As a trainee paediatrician in the late 1960s/early 1970s efforts to reduce neonatal mortality and morbidity were focused almost entirely on management of respiratory distress syndrome and other complications of prematurity. The contribution of birth defects to neonatal mortality was regarded as an insurmountable problem with no likely possibility of change. Maybe, perversely, this encouraged me to explore this area further via a roundabout career route.
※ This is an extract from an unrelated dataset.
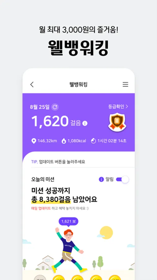 수신고객대상은 걸으면 매일 최대 40원, 매월 최대 1,240원의 혜택을 드려요

Genetic clinics had by then been set up in Great Ormond Street Hospital and Guy's Hospital in London, in Manchester and Edinburgh and in a number of other centres but clinical genetics was not recognised as a specialty and there were no formal training programmes. Post-MRCP and a registrar job in paediatrics, I entered the field as a clinical assistant and was lucky enough to be appointed in 1978 to one of the first three senior registrar posts in clinical genetics.
The main textbook for the branch of clinical genetics known as dysmorphology, Recognisable patterns of human malformation by David Smith,1 contained details of around 150 syndromes. Smith had captured the term ‘dysmorphology’ to describe the study of abnormal development and birth defect syndromes. At that time we knew the underlying genetic causes of a number of syndromes, including Down's, Edwards and Patau syndrome, were due respectively to trisomy 21, 18 and 13 and a few of the more subtle chromosome deletions and duplications. A considerable number of malformation syndromes had also been described clinically, many published between 1965–80 in the Birth Defects Original Article series supported by the US March of Dimes Birth Defects Foundation; for some their inheritance pattern could be inferred from the family history but, of course, the underlying genes were not identifiable with techniques available at that time.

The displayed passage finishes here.